PAT is notoriously difficult to measure, because all known methods can measure a test sound’s PAT only in relationship to a physical action or to a second sound, both of which add their own uncertainty to the measurements. A novel aspect of this work is the use of the ideal impulse (the shortest possible digital audio signal) as a reference sound. Although the ideal impulse is the best possible reference in the sense of being perfectly isolated in time and having a very clear and percussive attack, it is quite difficult to use as a reference for most sounds because it has a perfectly broad frequency spectrum, and it is more difficult to perceive the relative timing of sounds when their spectra differ greatly. This motivates another novel contribution of this work, Spectrally Matched Click Synthesis, the creation of arbitrarily short duration clicks whose magnitude frequency spectra approximate those of arbitrary input sounds.

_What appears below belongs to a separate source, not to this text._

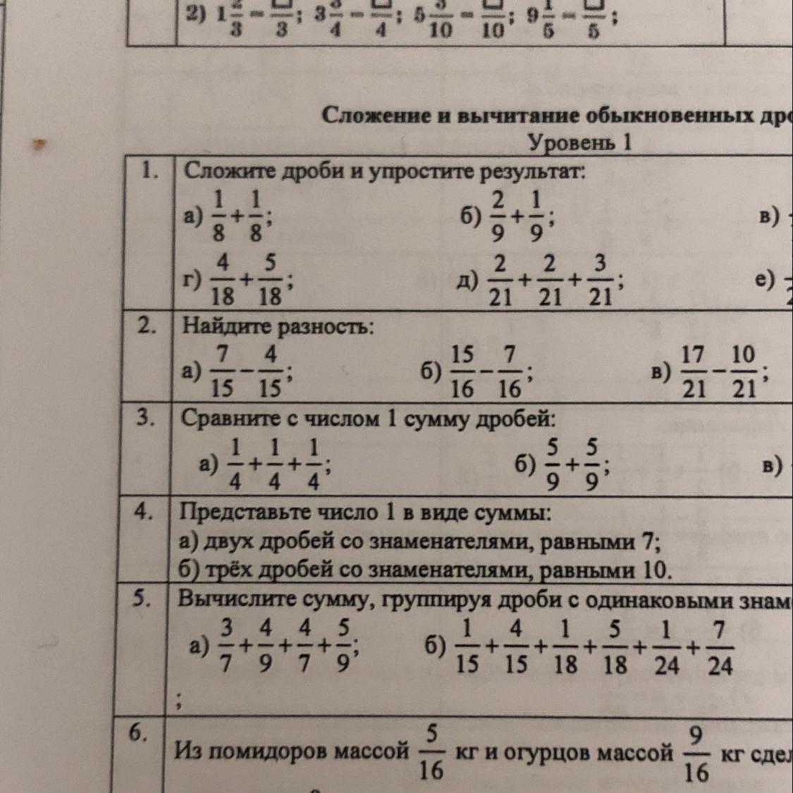 б)1=3/10+1/10+6/10.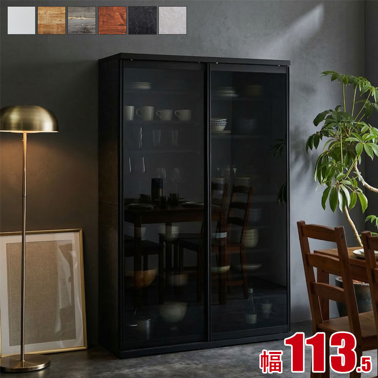 ■商品名:引き戸食器棚 ポエム3 幅113.5 ホワイト レディオーク ブルックリン ウォールナット ストーンブラック ストーンホワイト

All existing models represent the PAT of each event as a single instant. However, there is often a range of values that sound equally correct when aligning sounds rhythmically, and this range depends on perceptual characteristics of the specific sounds such as the sharpness of their attacks. Therefore this work represents each event’s PAT as a continuous probability density function indicating how likely a typical listener would be to hear the sound’s PAT at each possible time. The methodological problem of deriving each sound’s own PAT from measurements comparing pairs of sounds therefore becomes the problem of estimating the distributions of the random variables for each sound’s intrinsic PAT given only observations of a random variable corresponding to difference between the intrinsic PAT distributions for the two sounds plus noise. Methods presented to address this draw from maximum likelihood estimation and the graphtheoretical shortest path problem.
This work describes an online listening test, in which subjects download software that presents a series of PAT measurement trials and allows them to adjust their relative timing until they sound synchronous. This establishes perceptual “ground truth” for the PAT of a collection of 20 sounds compared against each other in various combinations. As hoped, subjects were indeed able to align a sound more reliably to one of that sound’s spectrally matched clicks than to other sounds of the same duration.

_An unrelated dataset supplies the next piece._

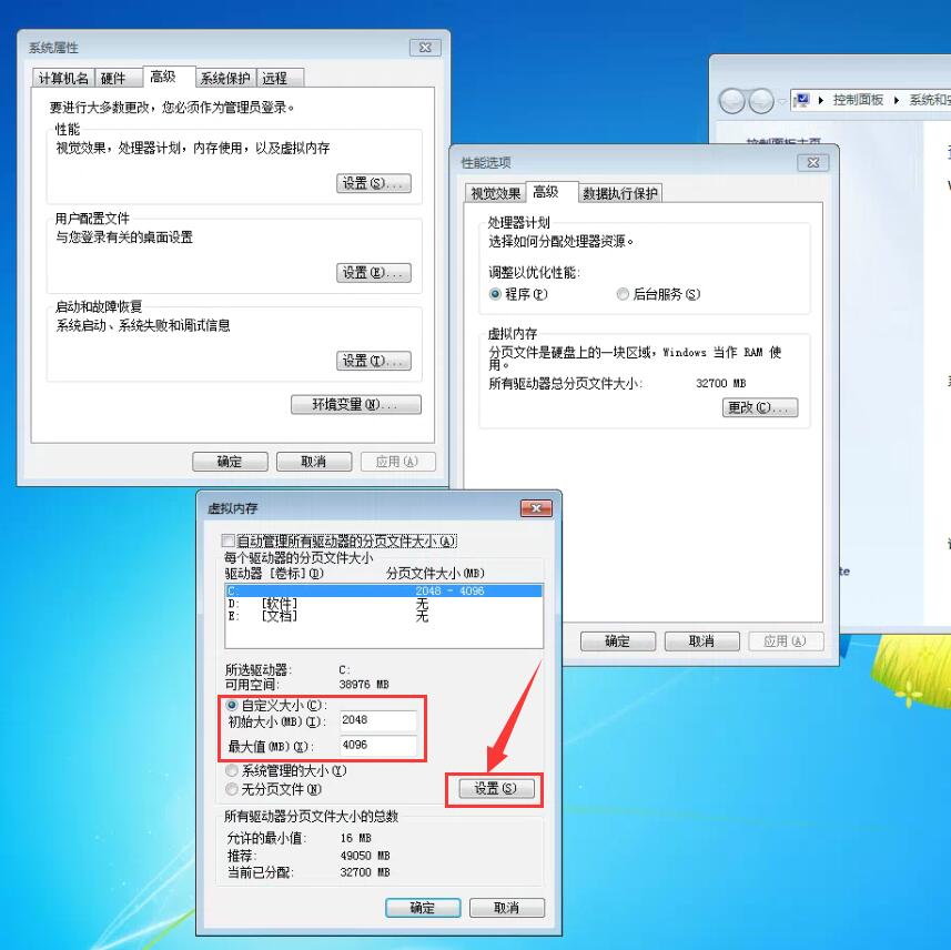 5、在弹出的窗口中取消勾选“自动管理所有驱动器的分页文件大小(A)”,然后选择要设置虚拟内存的盘符,勾选“自定义大小”,在设置了合适的虚拟内存大小后点击设置,最后点击确定完成设置操作。这里的具体磁盘以及大小,大家根据自己的需要来划分哦!

The representation of PAT with probability density functions provides a new perspective on the long-standing problem of predicting PAT directly from acoustical signals. Rather than choosing a single moment for PAT given a segment of sound known a priori to contain a single musical event, these regression methods estimate continuous shapes of PAT distributions from continuous (not necessarily presegmented) audio signals, formulated as a supervised machine learning regression problem whose inputs are DSP functions computed from the sound, the detection functions used in the automatic onset detection literature. This work concludes with some preliminary musical applications of the resulting models.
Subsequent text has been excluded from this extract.